What the task asks: In the listing below, locate the line with "sweat-shirt avec des" and the line with "예천군(군수 김학동) 육상", then output both and everything between them exactly, minus any pictures.

Data supplied:
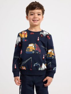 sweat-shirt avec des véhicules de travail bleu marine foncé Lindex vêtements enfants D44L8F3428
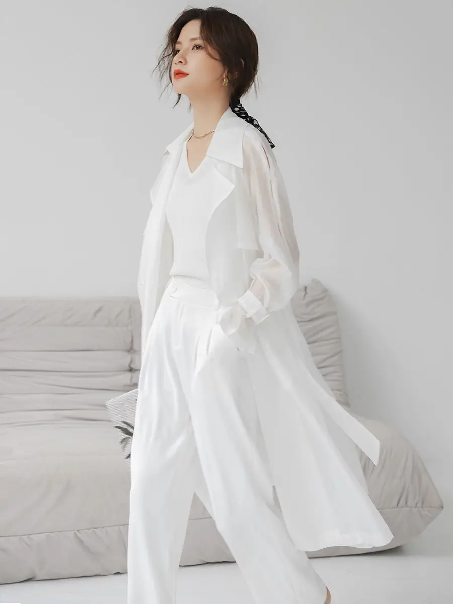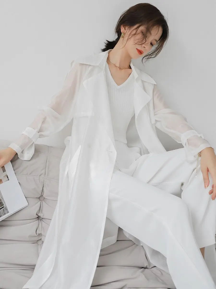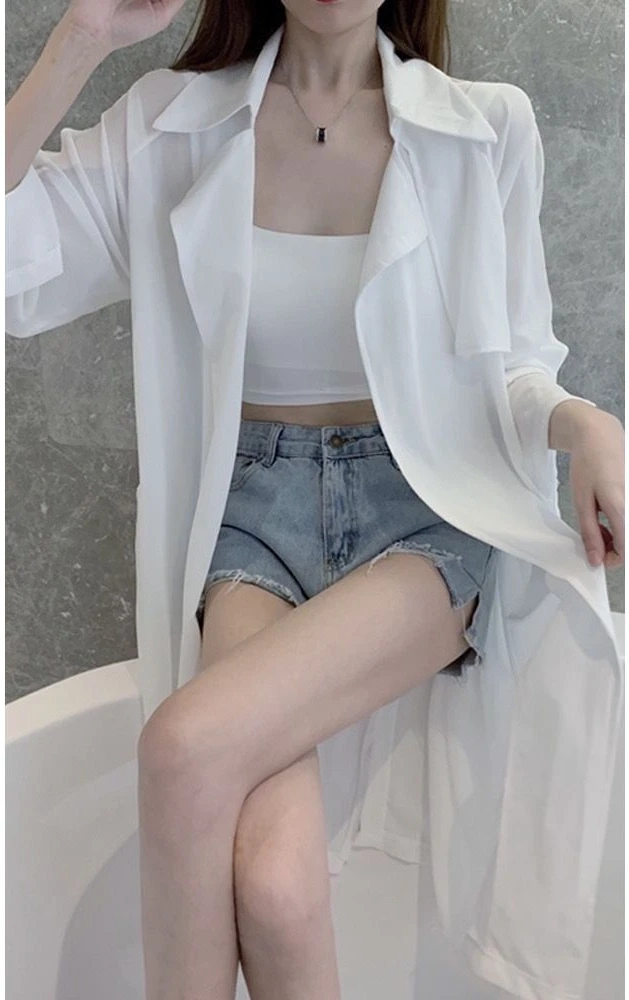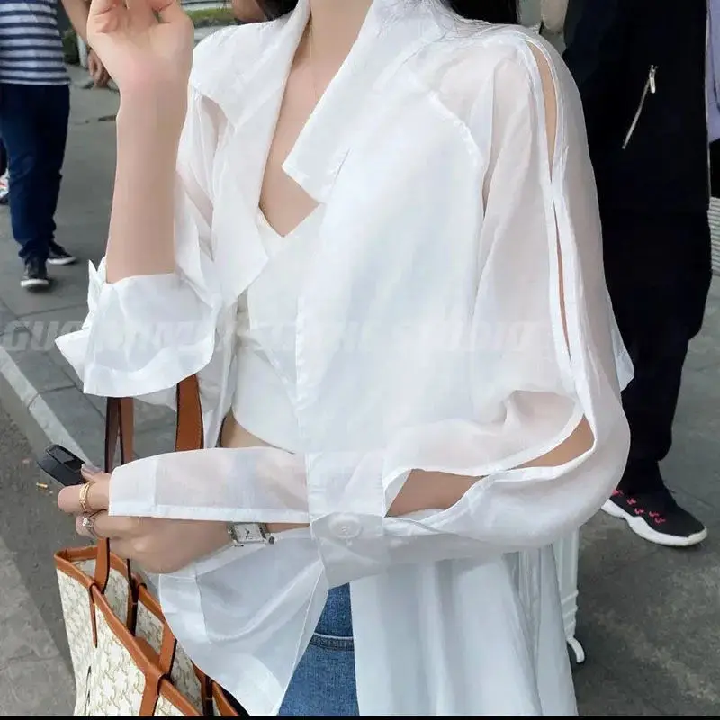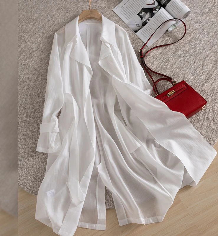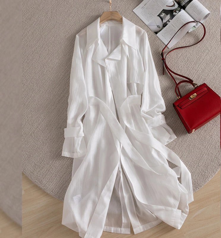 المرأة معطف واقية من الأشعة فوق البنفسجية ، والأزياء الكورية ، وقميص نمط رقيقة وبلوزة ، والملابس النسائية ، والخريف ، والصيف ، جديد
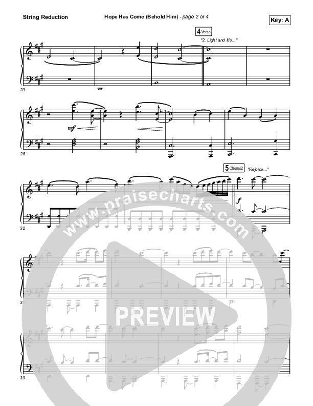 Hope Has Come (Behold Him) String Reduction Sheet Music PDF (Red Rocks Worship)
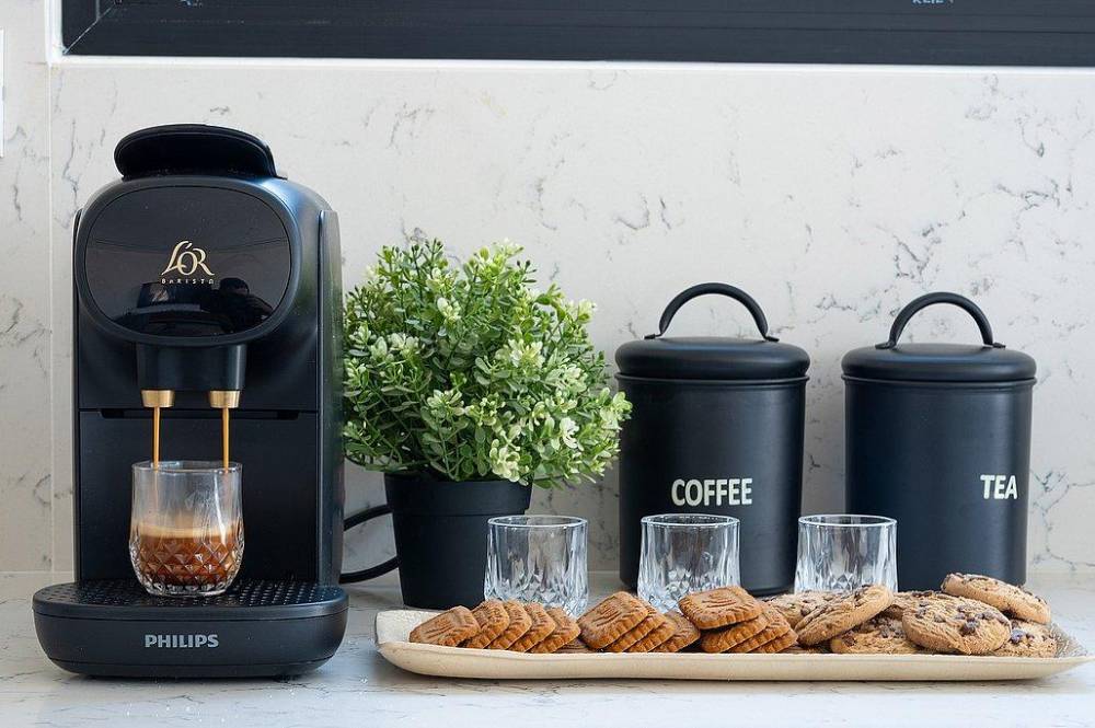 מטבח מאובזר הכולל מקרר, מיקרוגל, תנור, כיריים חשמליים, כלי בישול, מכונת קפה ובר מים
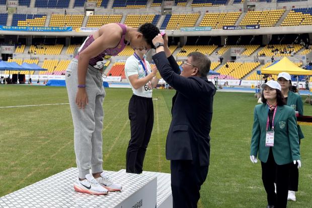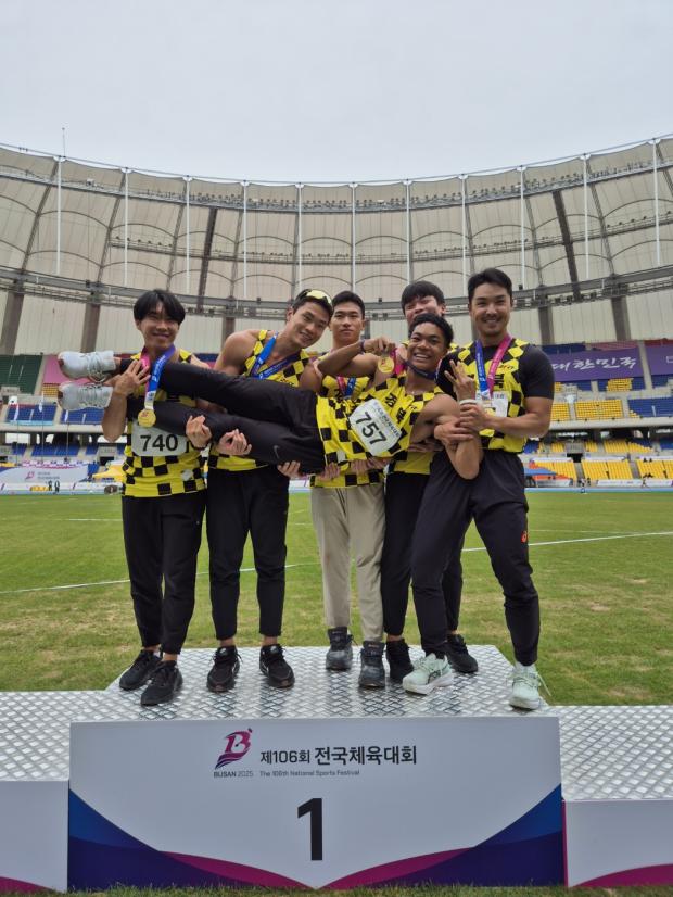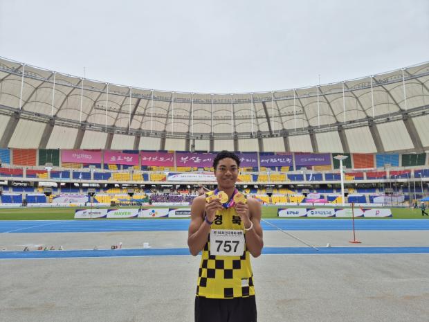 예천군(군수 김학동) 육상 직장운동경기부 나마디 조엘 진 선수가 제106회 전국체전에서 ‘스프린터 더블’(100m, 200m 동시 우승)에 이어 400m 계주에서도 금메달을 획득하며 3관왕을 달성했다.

---

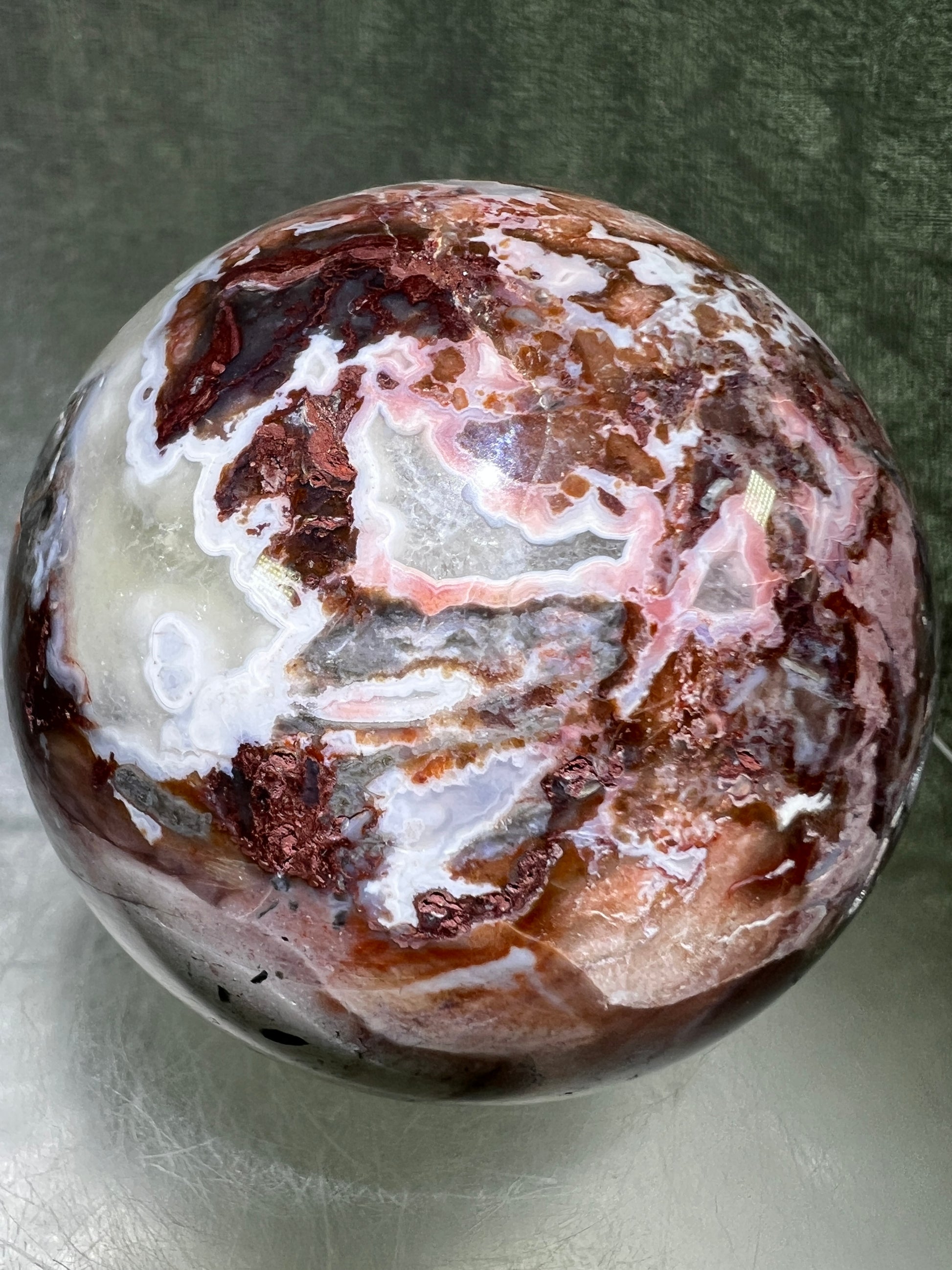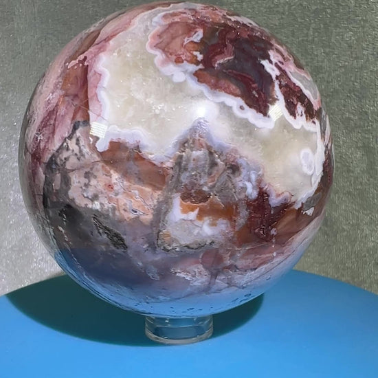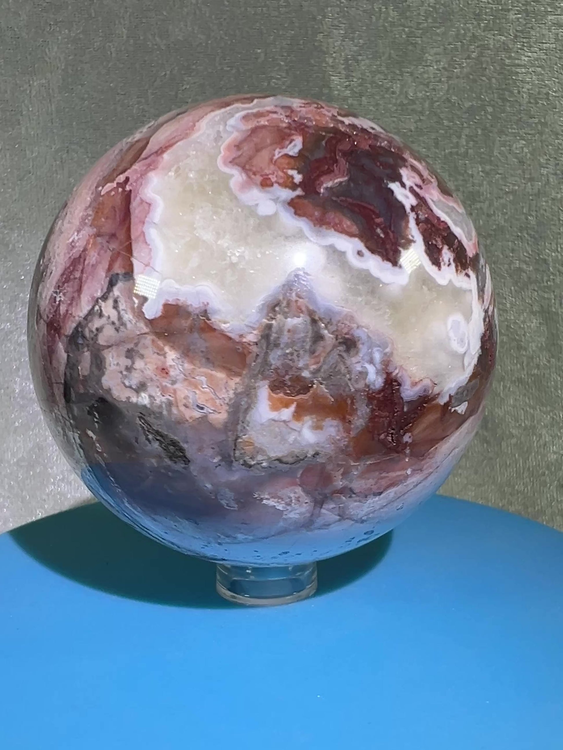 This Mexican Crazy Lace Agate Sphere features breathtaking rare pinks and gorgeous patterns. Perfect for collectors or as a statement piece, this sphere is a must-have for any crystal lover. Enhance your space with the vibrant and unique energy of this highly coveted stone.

==

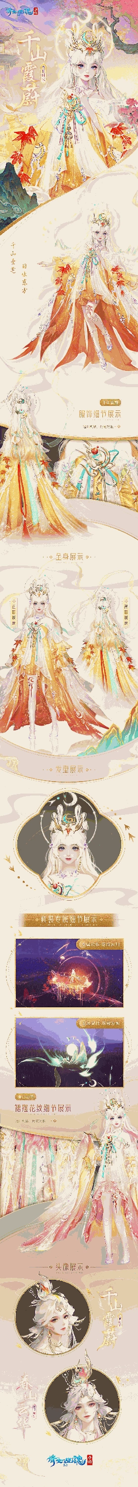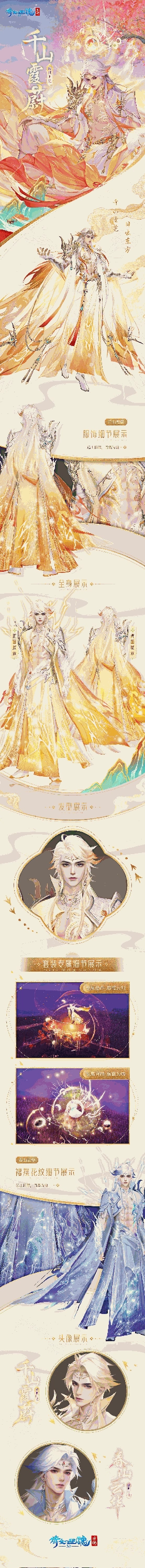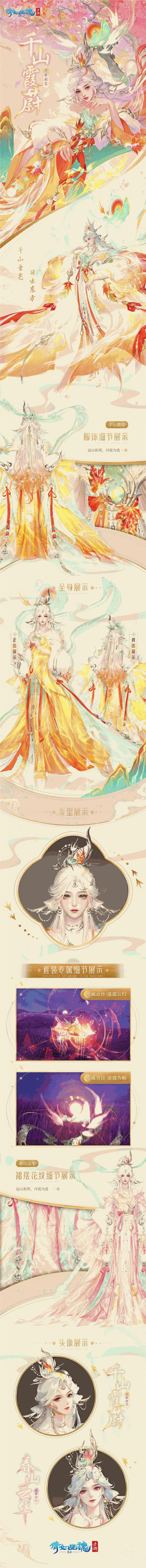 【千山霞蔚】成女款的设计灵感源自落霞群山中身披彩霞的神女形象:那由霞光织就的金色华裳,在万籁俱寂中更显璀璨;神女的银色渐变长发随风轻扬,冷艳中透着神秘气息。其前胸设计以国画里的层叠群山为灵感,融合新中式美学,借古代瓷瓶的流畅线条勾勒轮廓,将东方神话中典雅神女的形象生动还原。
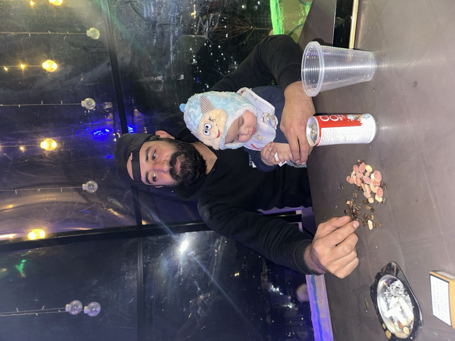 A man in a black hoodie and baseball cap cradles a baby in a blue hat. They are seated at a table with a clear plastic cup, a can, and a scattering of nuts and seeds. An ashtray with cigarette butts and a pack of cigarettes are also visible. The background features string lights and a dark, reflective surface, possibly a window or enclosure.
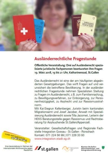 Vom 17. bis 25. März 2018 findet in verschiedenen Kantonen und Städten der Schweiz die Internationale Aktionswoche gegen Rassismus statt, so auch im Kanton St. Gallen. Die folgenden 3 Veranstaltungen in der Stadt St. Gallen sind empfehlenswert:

The completed task:
 sweat-shirt avec des véhicules de travail bleu marine foncé Lindex vêtements enfants D44L8F3428
 المرأة معطف واقية من الأشعة فوق البنفسجية ، والأزياء الكورية ، وقميص نمط رقيقة وبلوزة ، والملابس النسائية ، والخريف ، والصيف ، جديد
 Hope Has Come (Behold Him) String Reduction Sheet Music PDF (Red Rocks Worship)
 מטבח מאובזר הכולל מקרר, מיקרוגל, תנור, כיריים חשמליים, כלי בישול, מכונת קפה ובר מים
 예천군(군수 김학동) 육상 직장운동경기부 나마디 조엘 진 선수가 제106회 전국체전에서 ‘스프린터 더블’(100m, 200m 동시 우승)에 이어 400m 계주에서도 금메달을 획득하며 3관왕을 달성했다.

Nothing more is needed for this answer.